- _What you need to do_:
While you copy the lines below, skip the pictures and keep the rest exact.

- _Data shown_:
------------------------------
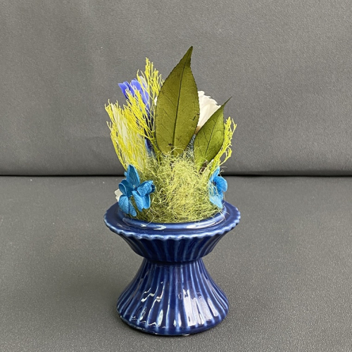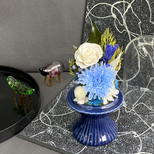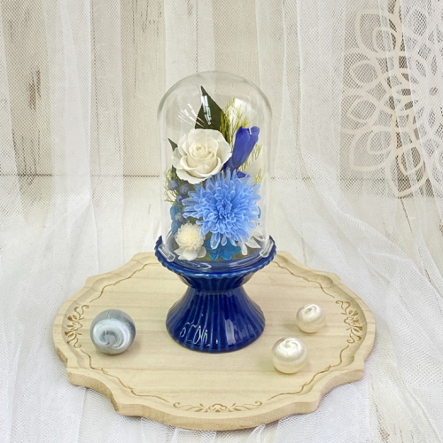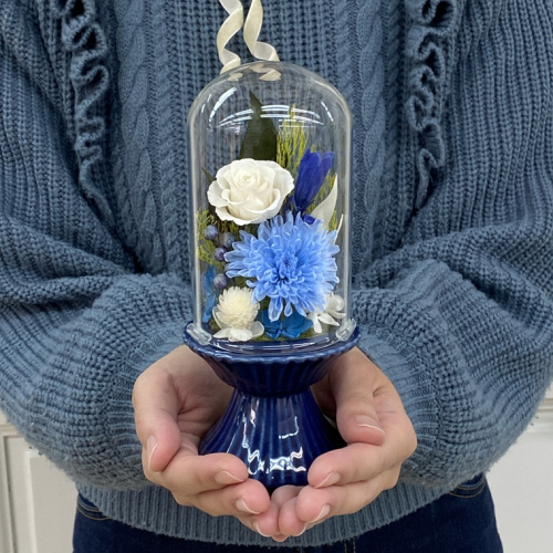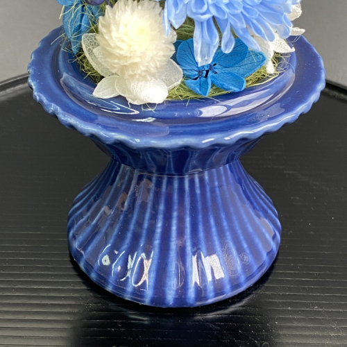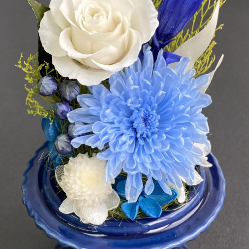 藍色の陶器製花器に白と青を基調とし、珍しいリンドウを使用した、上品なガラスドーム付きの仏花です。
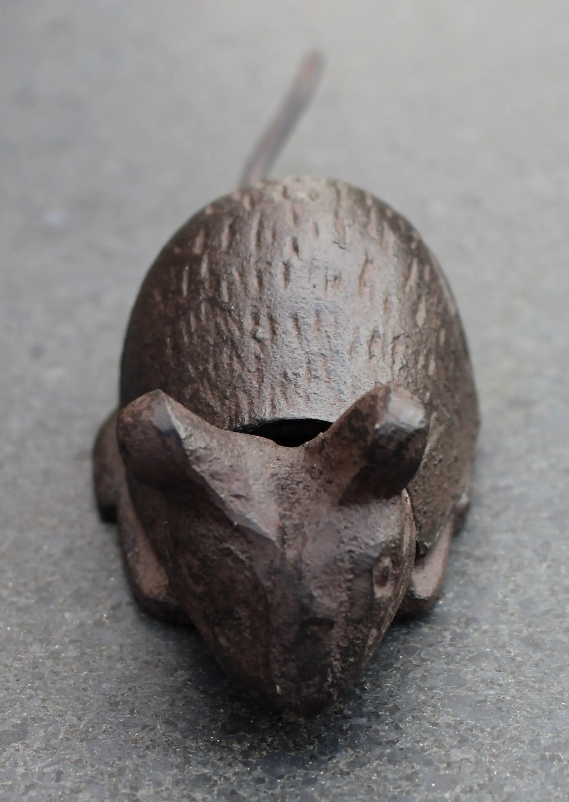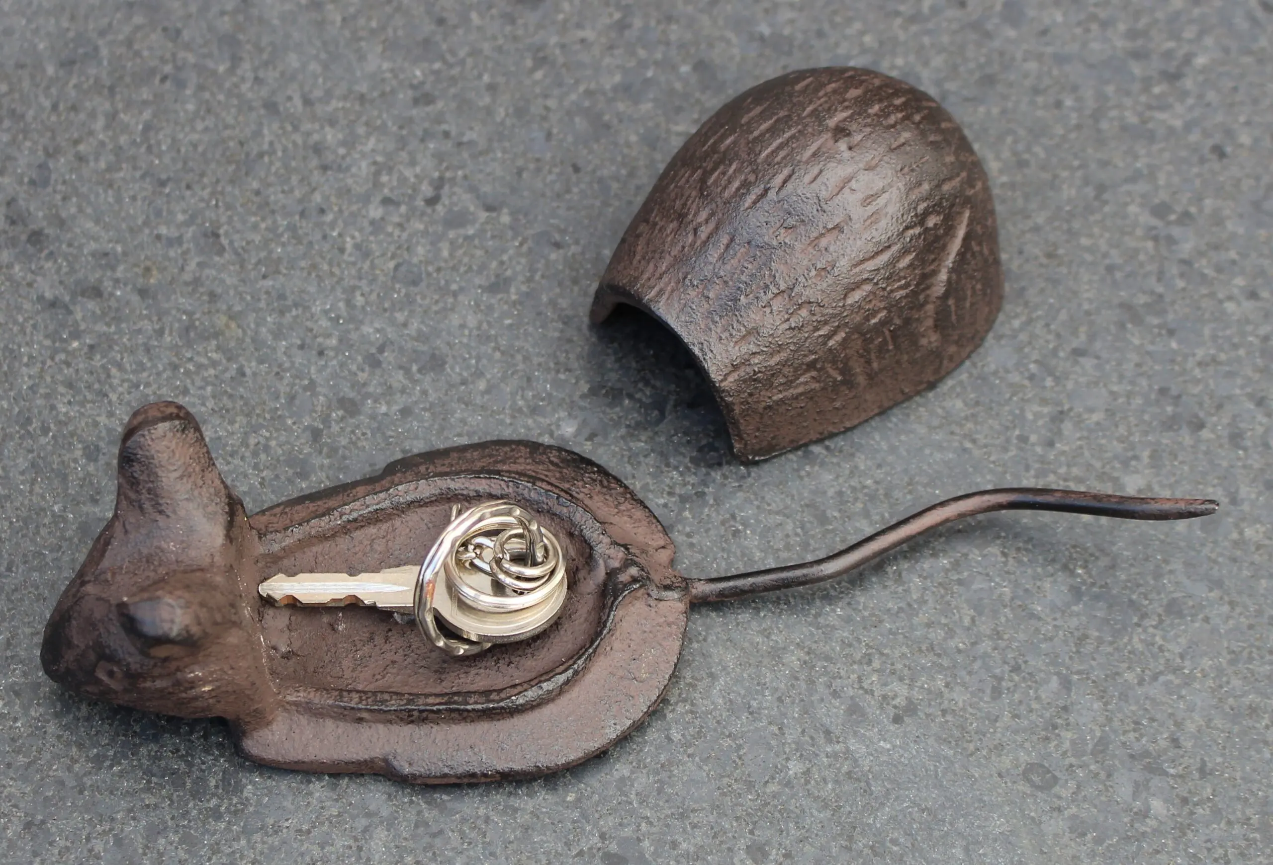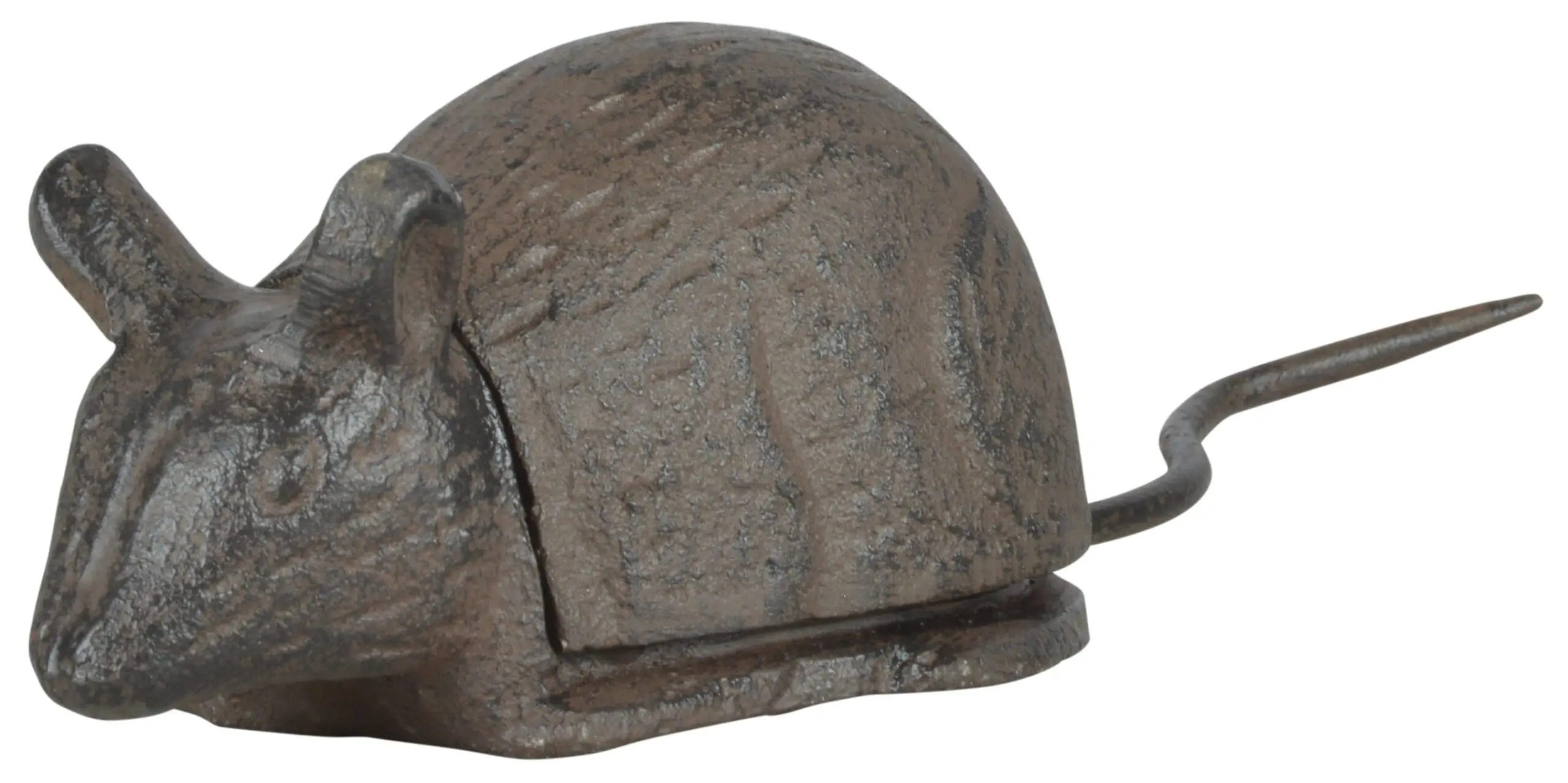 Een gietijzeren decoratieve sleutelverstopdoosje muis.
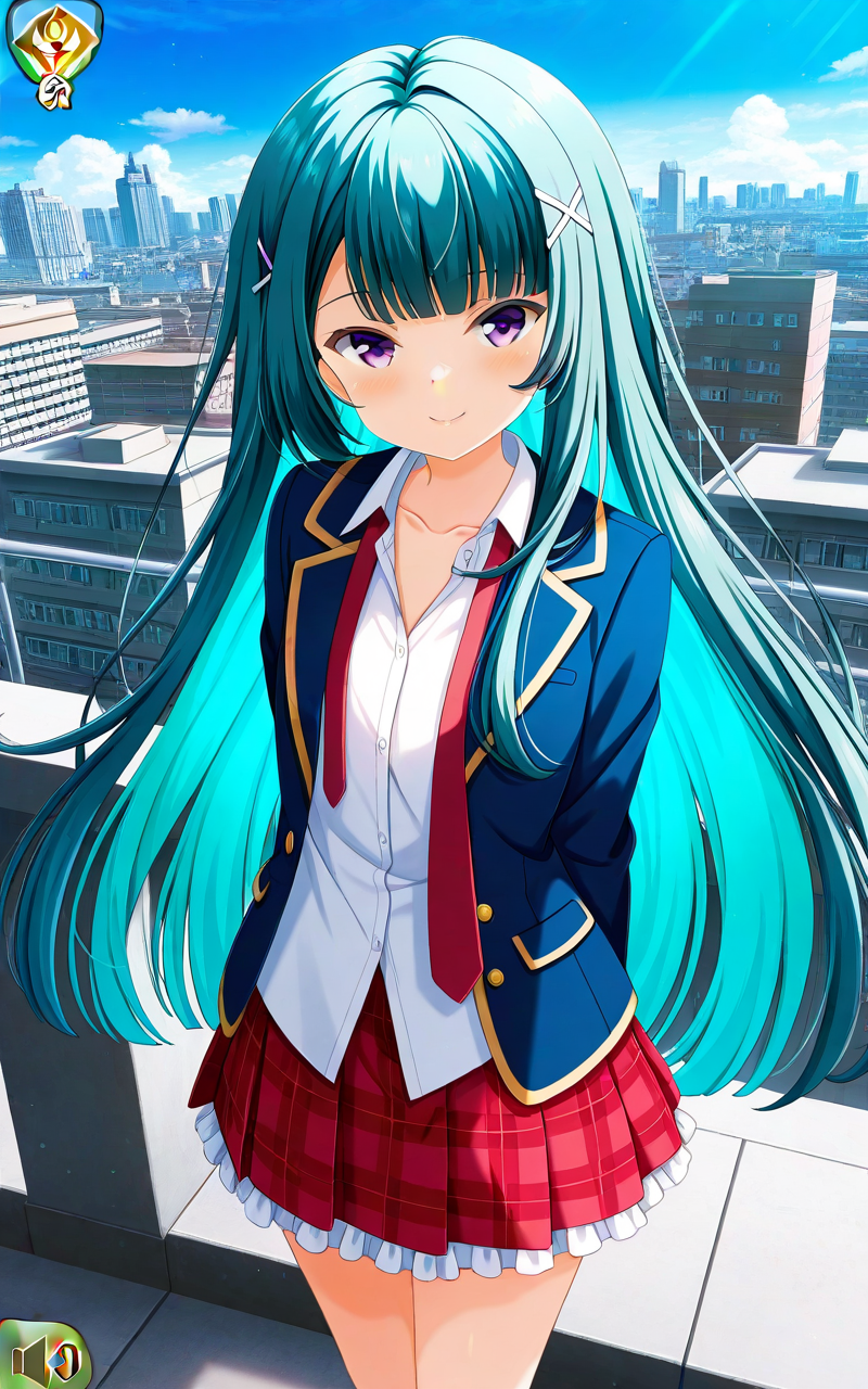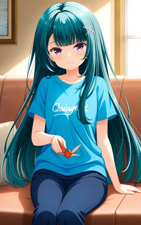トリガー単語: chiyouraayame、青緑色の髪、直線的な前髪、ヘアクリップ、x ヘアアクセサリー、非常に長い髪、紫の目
------------------------------
- _Completed task_:
 藍色の陶器製花器に白と青を基調とし、珍しいリンドウを使用した、上品なガラスドーム付きの仏花です。
 Een gietijzeren decoratieve sleutelverstopdoosje muis.
トリガー単語: chiyouraayame、青緑色の髪、直線的な前髪、ヘアクリップ、x ヘアアクセサリー、非常に長い髪、紫の目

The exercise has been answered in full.